Neutrino Blog: Weak Booom!
Of the large amount of papers that are being put forward for debunking faster than light neutrinos one in particular caught my eye. On Thursday a paper by Andrew G. Cohen and Sheldon L. Glashow about faster than light neutrinos losing energy rapidly and not making the 730km at superluminal speed. This post pulls together a lot of threads and I link to previous posts in the text to provide the relevant background.
The fundamental forces, the rule book for they way the Nature interacts with itself, are communicated to the Universe via things called fields. A good visual example of a field is putting iron filings near a bar magnet - this is the electromagnetic force field made visible. Every particle with an electric charge, e.g. the electron, emits a similar electromagnetic field. These force fields move at the speed limit of the universe - the speed of light. If the speed of light is slowed down, as it is in water or glass, then it is not against the laws of Nature for charged particles to out run light. If this is the case then the charged particles produce flashes of light known as Cherenkov radiation which takes energy away from the particle until it’s speed is less than light in water (or some other medium). For more info on Cherenkov light please read this previous post.
Neutrinos are ghostly as I have said many times and interact rarely with the Universe. On the rare occasion they do interact it is via the weak nuclear force. Because the neutrino feels this weak force, Cohen and Glashow put forward the argument that neutrinos would lose energy by a similar process to Cherenkov radiation. Instead of a burst of light however you would get a burst of weak force. Particles of light, photons, are the force carriers of the electromagnetic force and are the things released in Cherenkov radiation. The Z0 weak force carrier is essentially just a heavy version of the photon and it is this that is released in the burst of weak force.

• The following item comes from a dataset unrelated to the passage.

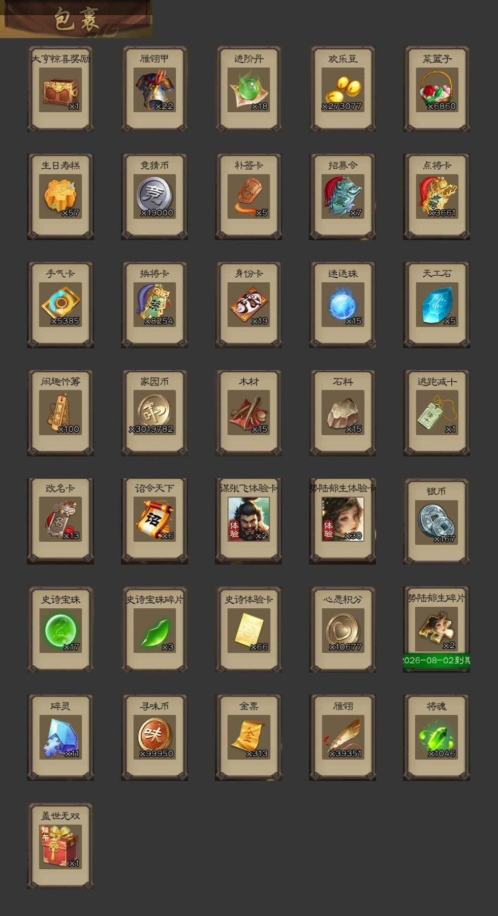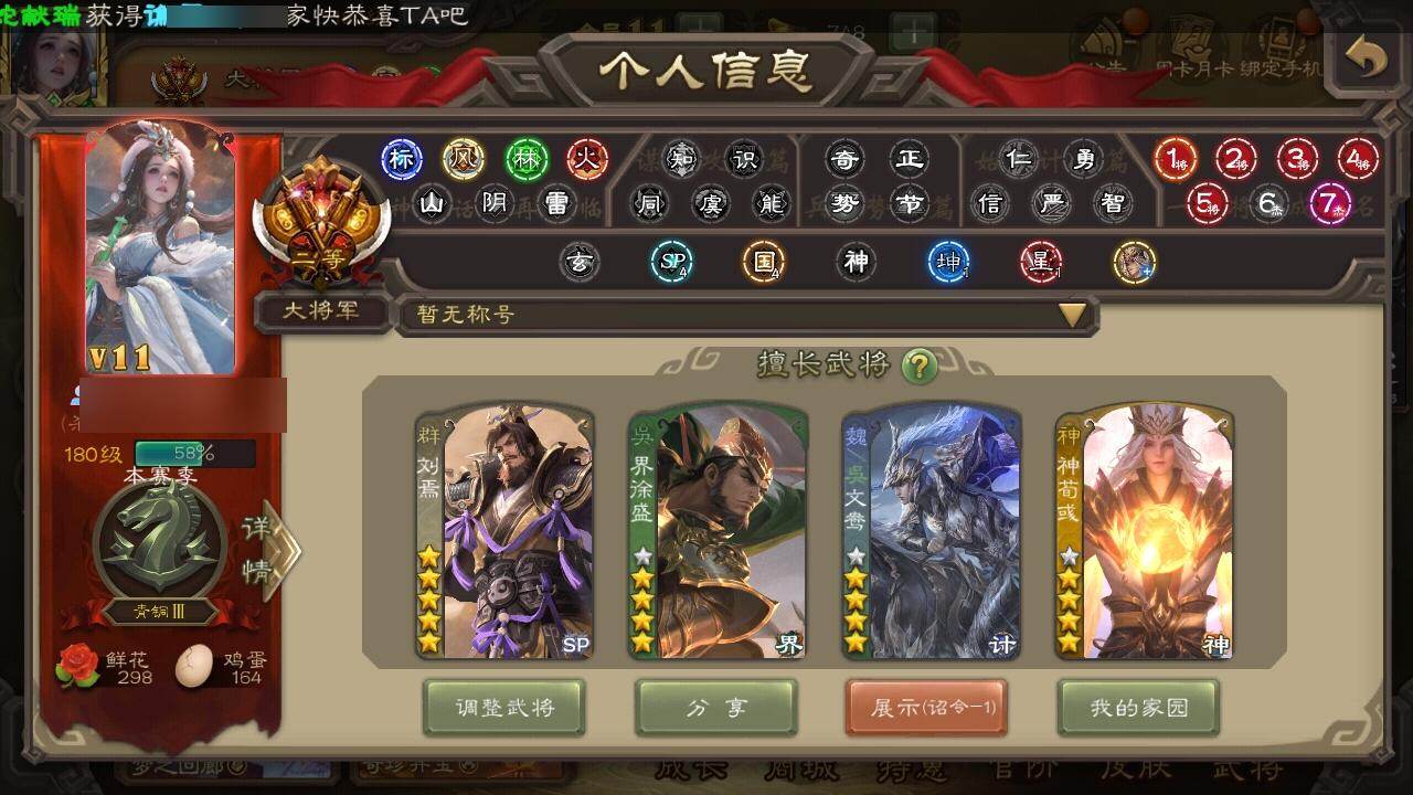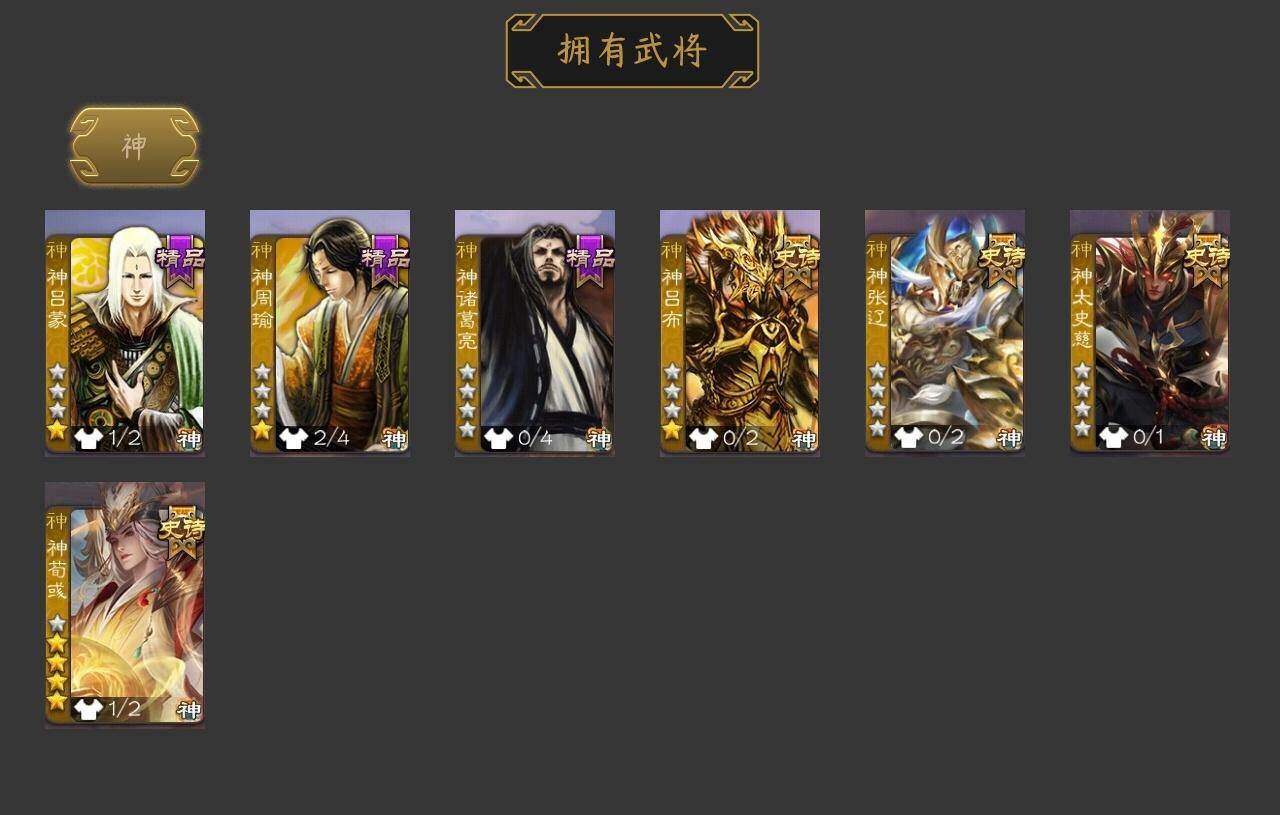 [15179394]【81】官阶:大将军;vip等级:vip11;史诗武将数量:54;动态皮肤数量:36;武将总数:406;史诗宝珠数量:17;将魂数量:1046;神将:7;魏国史诗武将:12;蜀国史诗武将:11;吴国史诗武将:7;群史诗武将:19 神吕布神张辽神太史慈神荀彧神吕蒙神周瑜神诸葛亮星周不疑王粲杨修文鸯魏-司马昭界钟会界于禁界曹真嵇康曹婴曹纯戏志才刘晔清河公主谋诸葛亮马云騄谋赵云谋马超诸葛瞻赵襄王平沙摩柯谯周界黄忠花鬘吴景留赞界朱然界徐盛贺齐势陆郁生势太史慈谋黄月英裴秀左慈郑玄张让苏飞审配麹义刘焉沮授界左慈界李儒公孙康卑弥呼谋张角张绣李傕许攸星董卓神荀彧-匡汉延祚动态神周瑜-波澜不惊神赵云-鳞振九霄神吕蒙-心生万象神曹操-天下归心神曹操-四方归心动态神赵云-神龙天降鲍三娘-情定缘起王元姬-婆娑起舞(动态)星周不疑-才广志宏动态曹婴-兔年春节动态司马昭-昭威淮南(动态)星徐晃-斧引霹雳动态清河公主-魅影萦心动态黄忠-烈箭贯云动态)黄月英-明良千古动态界黄月英-明良千古动态马良-荡然由心动态诸葛果-蛇年限定动态卧龙诸葛-火烧博望动态吕蒙-剑起惊澜动态徐盛-破军杀将动态孙寒华-蛇年限定动态鲁肃-蛇年端午动态文鸯-势若万钧动态麹义-扬刀立威动态吕布-虓虎之勇动态界吕布-虓虎之勇动态刘焉-雄踞益州动态庞德公-超脱于世动态sp赵云-威名尽显动态皇甫嵩-奋钺振旅动态祢衡-狷介疏狂动态张鲁-安民护祚动态刘焉-龙兴蜀川动态蔡文姬-以身证道(动态)左慈-蛇年限定动态
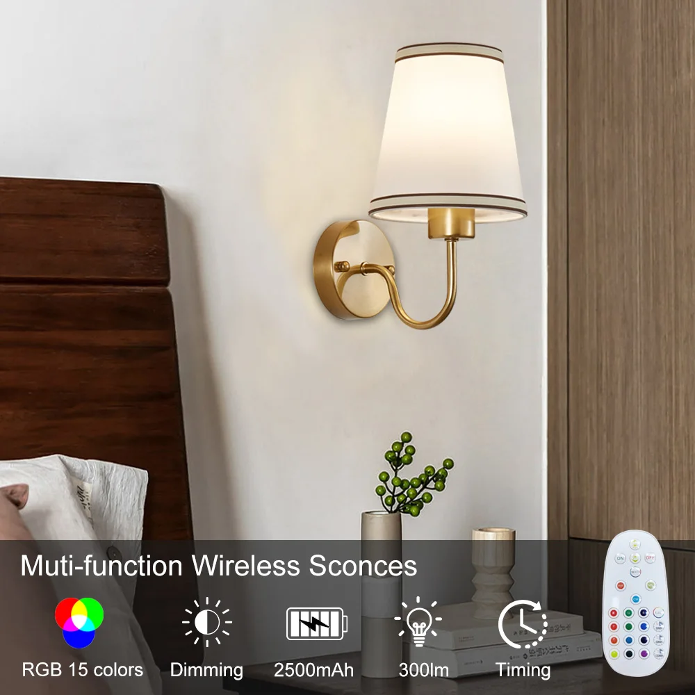 Battery Operated Wall Sconces Set of 2,Gold Wireless Wall Sconces with Remote,15 Colors Modes Rechargeable Wall lamp for Bedroom Living Room

The weak force carriers can’t live out in the real world for too long, due their heavy size they are unstable. They quickly die and give birth to matter and anti-matter. When Z0 dies it can produce pairs of electron and antielectron (positron)(a). In this process the neutrino loses energy until it reaches a lower limit (terminal energy) of about 12.5GeV. The OPERA experiment has however seen neutrinos with energy above this - with average energy about 17.5GeV. Quoting the paper “…observation of neutrinos with energies in excess of 12.5 GeV cannot be reconciled with the claimed superluminal neutrino velocity measurement.”
(a) The Z0 can also produce neutrino-antineutrino pairs, but the energy constraint here is less marked. Neutrinos can also lose energy by emitting light as well through a complicated self interation of the other weak force carriers the W± but this process is also not too important for this discussion.